Tenho certeza de que não faço !

Há alguns meses estava na livraria Travessa do Leblon, na enorme fila da noite de autógrafos do publicitário paulista, Mentor Neto. Essas filas sempre nos dão a vantagem de poder ver livros com calma. Desde que a Internet entrou em minha casa, há exatos 20 anos, o maravilhoso hábito de folhear livros em livrarias foi se acabando. Naquele dia, eu podia !!

A fila, longa e lenta, me permitiu passar por varios assuntos diferentes, até mesmo mandar uma mensagem para minha amiga Elayne Ferreira e enviar foto do corner dos guias de viagem, numa brincadeira séria: pra onde nós vamos este ano? Rápida no gatilho quando o assunto é viagem ou festas, saídas, tudo que remete a um bom programa e de forma confortável, ela imediatamente respondeu dizendo o nome de uma cidade. Comprei o guia porque acabei dando  todos os meus, que já tinham mais de vinte anos. Vamos aos atualizados !

Resolvida esta questão, a fila andando, cheguei a um livro que me chamou atenção: “As 20 coisas que você tem de fazer antes de morrer”. Não estou bem certa se eram vinte ou outro número, mas esse título me deixou curiosa. Já pensando em comprar, abri e vi que o olhar da autora era muito diferente do meu e que, pra mim, bem entendido, o livro nao serviria para nada. Foi aí que comecei a pensar…

E num caminho inverso, pensei no que já havia feito e que não pretendo fazer jamais. Achei um exercício mental mais interessante. Aí a fila ficou mais divertida pra mim e pensei em algumas coisas, algumas delas, já esquecidas. Vamos lá !

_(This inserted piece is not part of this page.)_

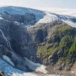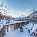 De 3-slaapkamer Minnehaugen I Handeland Lodge Sauda ligt op 7 km van Allmannajuvet en biedt een terras met uitzicht op de berg.
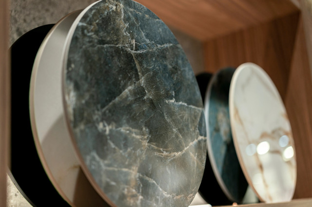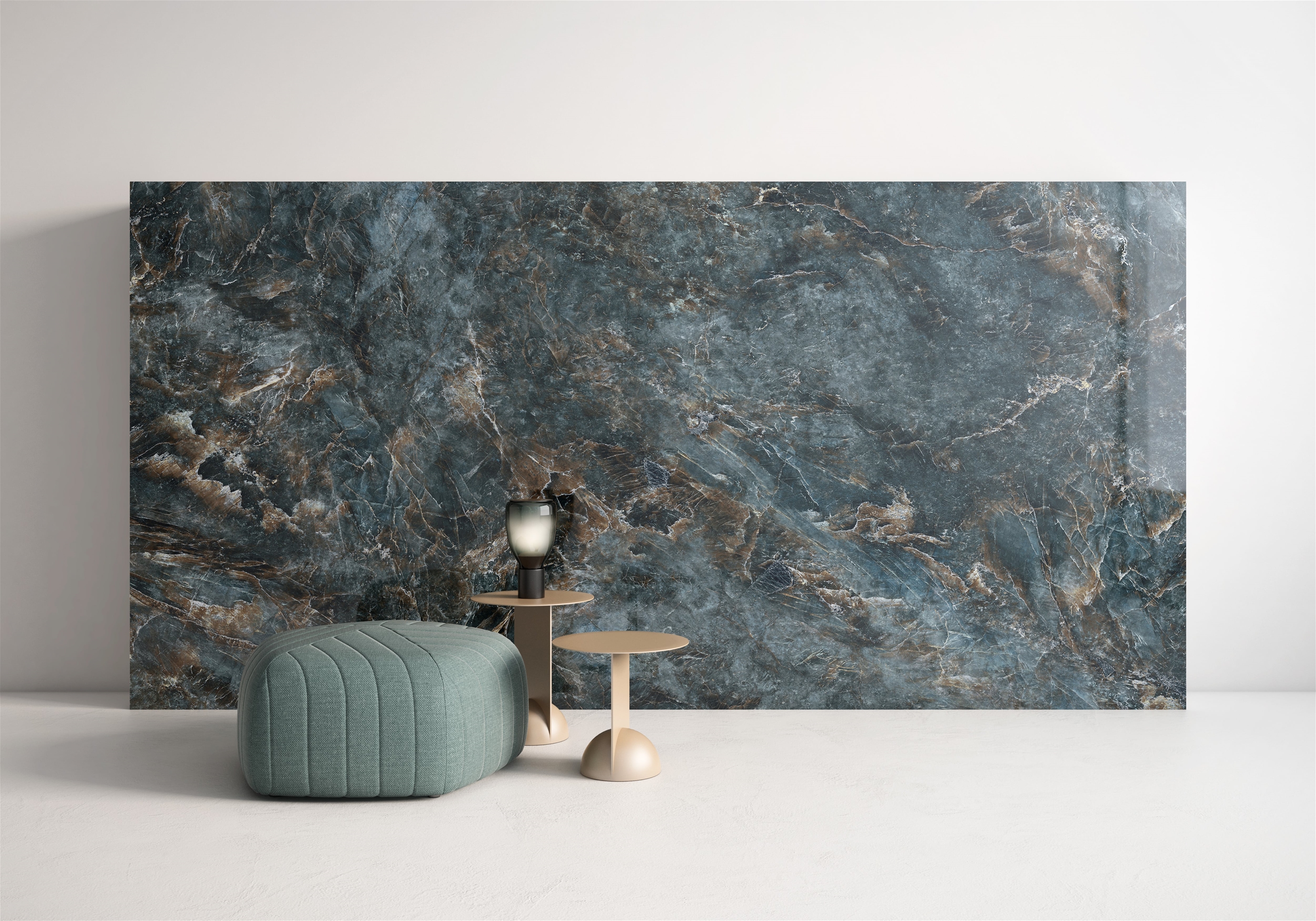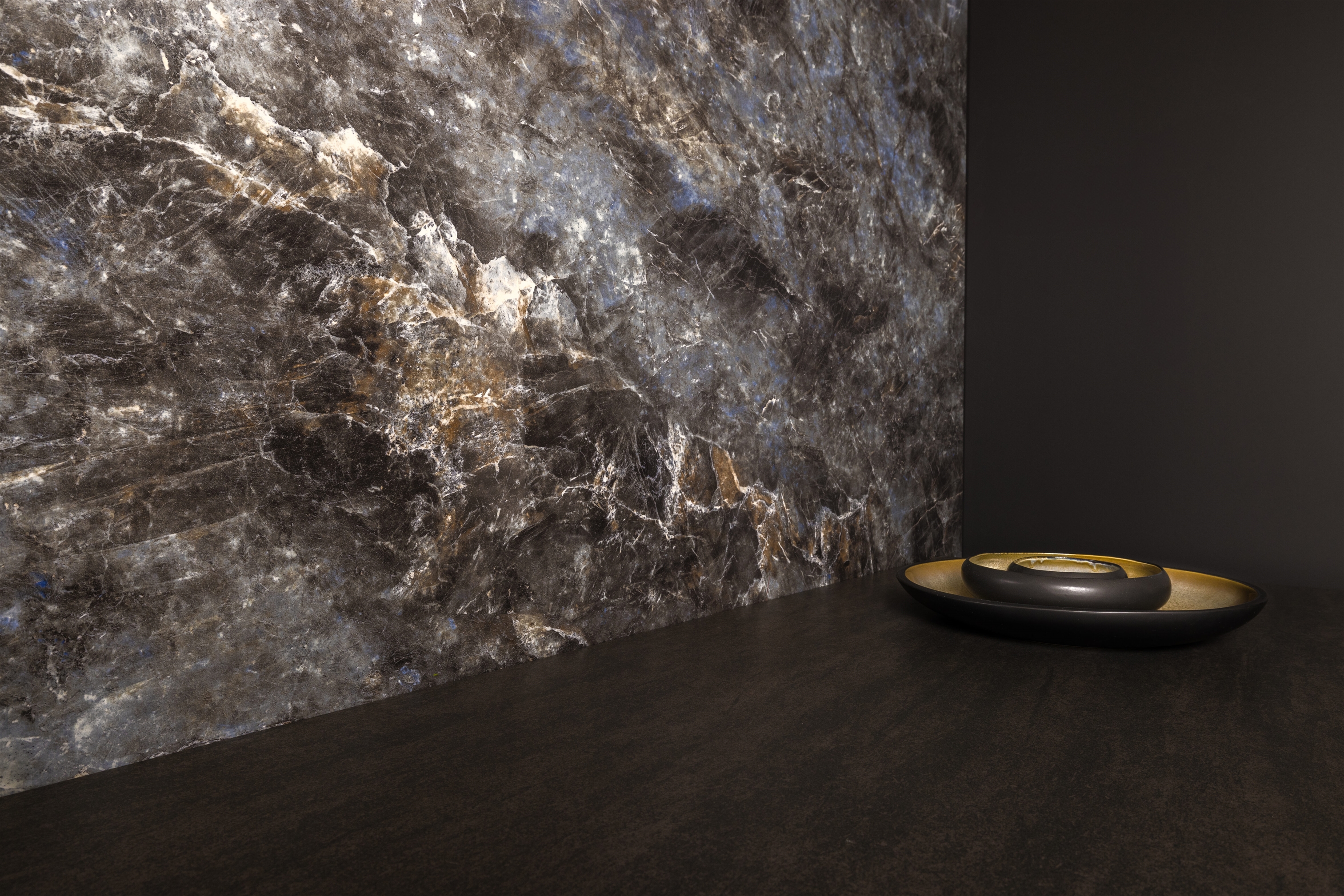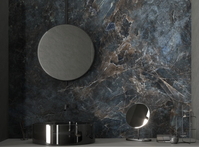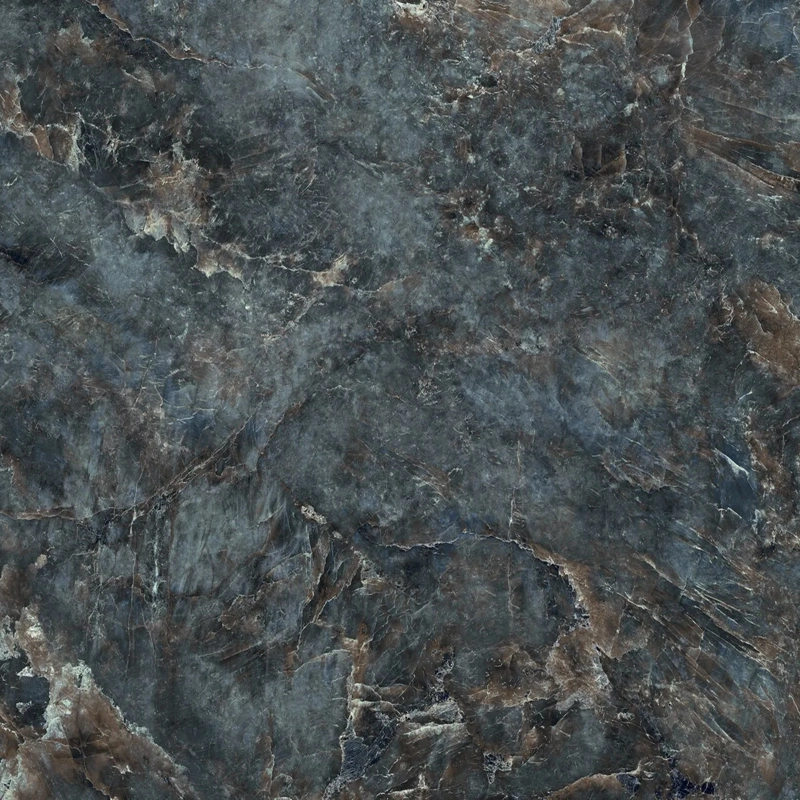 Its surface reveals a striking visual depth, where intense shades of dark blue intertwine with brown veins, creating a fascinating contrast, graphic richness and unexpected warmth.

Rock’n Rio – Fui ao 1, ao 2 e ao 3. Está de ótimo tamanho ! No primeiro eu saía de casa ao meio dia e voltava as 8 30h do dia seguinte. Esperei uma hora e quarenta minutos para ver o Queen, debaixo de chuva e valeu. Até mesmo quando um coroa, todo bebado e cheirado caiu em cima de mim, sentada num plástico grosso sobre a lama mole e puxou uma amiga, que com o susto, reagiu e começou a bater nele. Eu me lembro disso como se fosse hoje !! Perguntei: “Será que vocês poderiam continuar isto em outro lugar?”. Mas eu era jovem, não sabia que minha coluna existia e pude ver James Taylor, realizando um de meus sonhos mais ‘profundos’, digamos assim, olhando as estrelas com amigos queridos, só me levantando para dançar ao som de George Benson, que fechou a noite. Foi uma experiência singular, e como diz o nome, uma só, não acontece de novo. Já naquela época eu estranhava muito o fato de não ter um único lugar seco, com grama ou algo assim para sentar. Era grande a empreitada. No 2 eu vi George Michael, e no 3, Sting, muito bem acompanhada. Portanto, já deu. A Cidade do Rock é longe, os carros nunca chegam realmente perto, e se na ida já é chato, na volta é dramático.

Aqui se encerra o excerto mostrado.